Mohanty (2014), after interviewing1200 Singaporeans, concluded that most of the interviewees agreed with adoption as a form of family. Those, who cared about a biological relationship and were worried about the consequences of accepting adoption (compatibility, medical and behavioral problems, etc.), had a lower tendency towards adoption (35). Since in this study the interviewees did not have an infertility problem and their ideas were investigated generally, it cannot be concluded that there exists a high attitude toward adoption. Based on Mohanty’s conclusion and the current research findings, there is an obvious need to increase society’s awareness about adoption and promote “adoption” as a sensible choice to form a family.
As our findings indicate there was a negative relationship between the two investigated variables, which means that increasing infertility-related stress leads to a decrease in adoption. For many infertile couples, the time between diagnosis, treatment and outcome can be extensive and, if medical treatments are unsuccessful, couples are left to decide if they want to continue treatments, stop treatment, pursue adoption or stay childfree (36-38). In the study by Sundby et al. (39), 56% of the women, who had started fertility treatment 10 years before, had considered divorce, and 17% actually ended the relationship. Furthermore, in some cultures, the concept of voluntary childlessness may not even exist (40).

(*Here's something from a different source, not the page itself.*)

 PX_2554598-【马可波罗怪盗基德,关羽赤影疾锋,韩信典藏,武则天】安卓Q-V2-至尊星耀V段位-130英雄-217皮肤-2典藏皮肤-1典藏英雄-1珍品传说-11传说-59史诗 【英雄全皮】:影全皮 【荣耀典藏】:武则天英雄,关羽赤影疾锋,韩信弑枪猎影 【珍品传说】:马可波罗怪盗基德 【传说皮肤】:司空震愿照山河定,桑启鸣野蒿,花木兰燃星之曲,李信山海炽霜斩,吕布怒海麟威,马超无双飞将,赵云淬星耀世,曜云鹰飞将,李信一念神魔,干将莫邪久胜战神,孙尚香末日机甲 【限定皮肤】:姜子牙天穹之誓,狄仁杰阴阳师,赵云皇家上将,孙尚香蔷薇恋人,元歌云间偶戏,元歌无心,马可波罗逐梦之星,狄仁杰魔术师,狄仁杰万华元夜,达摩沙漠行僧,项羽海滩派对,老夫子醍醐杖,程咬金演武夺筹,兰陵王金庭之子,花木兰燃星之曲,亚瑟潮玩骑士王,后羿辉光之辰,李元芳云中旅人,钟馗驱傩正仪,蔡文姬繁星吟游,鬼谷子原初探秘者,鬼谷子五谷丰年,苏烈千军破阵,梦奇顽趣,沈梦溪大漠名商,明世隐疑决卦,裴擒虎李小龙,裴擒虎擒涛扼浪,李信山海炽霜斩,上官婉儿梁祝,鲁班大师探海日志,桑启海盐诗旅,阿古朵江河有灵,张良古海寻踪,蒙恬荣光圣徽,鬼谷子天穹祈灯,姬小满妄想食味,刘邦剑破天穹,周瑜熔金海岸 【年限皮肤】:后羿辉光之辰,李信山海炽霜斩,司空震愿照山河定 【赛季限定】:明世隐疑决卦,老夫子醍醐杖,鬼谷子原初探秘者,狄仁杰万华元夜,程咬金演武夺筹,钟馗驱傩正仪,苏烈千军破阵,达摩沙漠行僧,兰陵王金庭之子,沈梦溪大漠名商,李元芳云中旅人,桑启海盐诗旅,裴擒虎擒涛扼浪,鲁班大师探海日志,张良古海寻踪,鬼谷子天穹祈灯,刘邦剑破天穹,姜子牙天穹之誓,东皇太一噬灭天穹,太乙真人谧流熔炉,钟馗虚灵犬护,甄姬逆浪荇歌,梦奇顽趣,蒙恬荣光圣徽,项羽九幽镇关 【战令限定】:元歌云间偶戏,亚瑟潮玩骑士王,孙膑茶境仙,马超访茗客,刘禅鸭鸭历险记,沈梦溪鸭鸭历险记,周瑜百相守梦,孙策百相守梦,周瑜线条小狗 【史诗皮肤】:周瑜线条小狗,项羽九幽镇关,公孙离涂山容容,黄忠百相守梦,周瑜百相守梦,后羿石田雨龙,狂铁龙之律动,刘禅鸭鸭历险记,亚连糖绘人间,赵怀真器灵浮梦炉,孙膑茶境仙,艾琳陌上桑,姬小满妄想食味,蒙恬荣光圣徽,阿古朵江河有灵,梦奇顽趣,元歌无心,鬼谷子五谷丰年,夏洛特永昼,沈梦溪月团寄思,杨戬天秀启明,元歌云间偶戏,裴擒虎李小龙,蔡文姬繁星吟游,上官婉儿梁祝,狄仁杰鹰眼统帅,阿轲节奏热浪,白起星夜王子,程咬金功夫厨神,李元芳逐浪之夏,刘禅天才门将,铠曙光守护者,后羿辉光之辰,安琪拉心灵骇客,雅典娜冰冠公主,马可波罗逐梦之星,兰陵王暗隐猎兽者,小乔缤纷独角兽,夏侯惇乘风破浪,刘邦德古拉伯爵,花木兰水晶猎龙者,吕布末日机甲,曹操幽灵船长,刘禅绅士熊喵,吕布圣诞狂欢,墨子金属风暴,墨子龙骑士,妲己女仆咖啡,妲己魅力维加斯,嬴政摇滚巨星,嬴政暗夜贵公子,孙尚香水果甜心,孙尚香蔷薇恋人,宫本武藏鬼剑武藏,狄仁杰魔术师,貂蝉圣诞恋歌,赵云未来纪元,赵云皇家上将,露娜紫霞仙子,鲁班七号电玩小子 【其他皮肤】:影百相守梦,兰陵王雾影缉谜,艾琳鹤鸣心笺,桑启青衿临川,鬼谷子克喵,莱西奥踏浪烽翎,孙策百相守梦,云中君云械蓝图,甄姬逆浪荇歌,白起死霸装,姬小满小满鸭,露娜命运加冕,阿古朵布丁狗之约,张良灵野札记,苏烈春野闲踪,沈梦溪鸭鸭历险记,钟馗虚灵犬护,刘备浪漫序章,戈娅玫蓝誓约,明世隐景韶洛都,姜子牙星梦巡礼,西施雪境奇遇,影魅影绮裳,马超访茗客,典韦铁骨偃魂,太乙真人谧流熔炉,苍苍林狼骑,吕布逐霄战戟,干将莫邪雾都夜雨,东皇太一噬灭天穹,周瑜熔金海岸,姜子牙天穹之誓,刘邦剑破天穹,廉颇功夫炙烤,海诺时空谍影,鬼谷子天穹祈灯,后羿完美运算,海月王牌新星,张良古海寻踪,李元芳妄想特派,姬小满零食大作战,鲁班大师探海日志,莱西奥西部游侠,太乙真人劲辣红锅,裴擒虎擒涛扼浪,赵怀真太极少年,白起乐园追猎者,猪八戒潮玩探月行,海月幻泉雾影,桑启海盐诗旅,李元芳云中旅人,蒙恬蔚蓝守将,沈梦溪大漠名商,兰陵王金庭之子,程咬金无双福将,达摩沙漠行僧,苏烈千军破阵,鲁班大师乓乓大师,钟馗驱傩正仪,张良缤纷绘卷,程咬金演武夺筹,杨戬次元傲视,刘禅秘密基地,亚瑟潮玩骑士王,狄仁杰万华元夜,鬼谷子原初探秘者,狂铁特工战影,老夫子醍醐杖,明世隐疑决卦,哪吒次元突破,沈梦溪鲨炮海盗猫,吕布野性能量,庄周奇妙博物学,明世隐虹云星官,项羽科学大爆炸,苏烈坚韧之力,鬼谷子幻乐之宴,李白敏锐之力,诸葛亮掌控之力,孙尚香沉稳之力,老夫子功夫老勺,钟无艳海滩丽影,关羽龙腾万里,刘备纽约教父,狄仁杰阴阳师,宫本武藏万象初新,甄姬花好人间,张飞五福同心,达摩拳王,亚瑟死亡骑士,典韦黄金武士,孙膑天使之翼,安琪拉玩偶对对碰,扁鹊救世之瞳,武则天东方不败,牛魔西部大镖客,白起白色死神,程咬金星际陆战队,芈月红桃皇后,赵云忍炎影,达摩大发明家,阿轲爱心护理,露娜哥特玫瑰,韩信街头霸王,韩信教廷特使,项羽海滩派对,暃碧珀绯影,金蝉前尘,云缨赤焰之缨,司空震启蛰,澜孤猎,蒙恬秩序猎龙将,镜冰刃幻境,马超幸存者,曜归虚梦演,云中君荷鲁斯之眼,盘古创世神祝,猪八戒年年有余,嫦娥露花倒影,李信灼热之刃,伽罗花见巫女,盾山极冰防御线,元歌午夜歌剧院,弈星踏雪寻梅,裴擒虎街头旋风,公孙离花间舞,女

Infertility, childlessness and adoption have the potential to severely impact an individual’s life (22), and since to our knowledge there are no studies focusing on the relationship between adoption and stress, specially infertility-related stress, thus more studies are required.

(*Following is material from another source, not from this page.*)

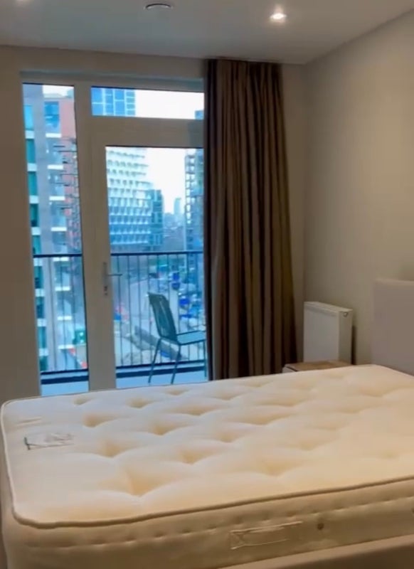 Double bedroom with own bathroom in a modern 2 bed, 2 bath furnished flat with a private balcony, near Embassy Gardens, Nine Elms.

When examining couple’s attitudes towards adoption, approximately one-fifth wanted to pursue adoption in the future, while more than a half were undecided regarding pursuing adoption at one-year follow-up. According to Letherby et al. (2010), adoption can be a challenge to one’s self-identity, and thus expectations about one’s relationship and future likely play a key role in decision-making (41). According to Thorn et al. (2010), adoption is often the last resort since the majority of infertile couples initiate medical treatment without considering alternatives, hoping that the treatment will be successful (19). The study by Peterson et al. (2015) showed that a small percentage of participants confirmed that they wished to pursue adoption after one year of medical fertility treatment, which may reflect that the majority of the participants still had the possibility of future ART cycles. The number of participants, who had a positive attitude towards pursuing adoption, was higher than the number of participants who ended up seeking adoption (22), As our findings suggest, the hope to be cured was the most important reason that prevented people from adopting. Leiblum et al. (14), in their investigations, recognized that infertile females did not lose hope to have a biological child even after long periods since discontinuing infertility treatment. This may complicate the ‘process of liking; for the families, who adopt a child.

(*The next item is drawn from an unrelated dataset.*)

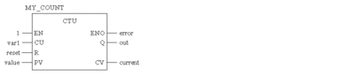 CAL MY_COUNT (EN:=1, CU:=var1, R:=reset, PV:=value,
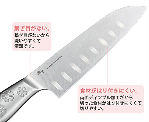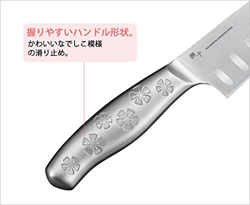 주식회사고등이다 와 부엌칼 올 스텐레스 부엌칼 나이프 편 장 끊어진 스테인레스제 나데시코 미끄럼방지 씻기 쉽 청결 인기 귀여운 일본제 어네스트 올 스텐레스 3 덕부엌칼 나데시코무늬 A-76095

This study was limited by the use of a quantitative method, which revealed factors of importance regarding infertility patients’ decision-making, but did not allow for further details, which could possibly explain the identified associations. Moreover, the sample size was relatively small. Future quantitative studies would benefit from including a larger number of participants, and enabling multivariate analyses, which could take potential confounders into account.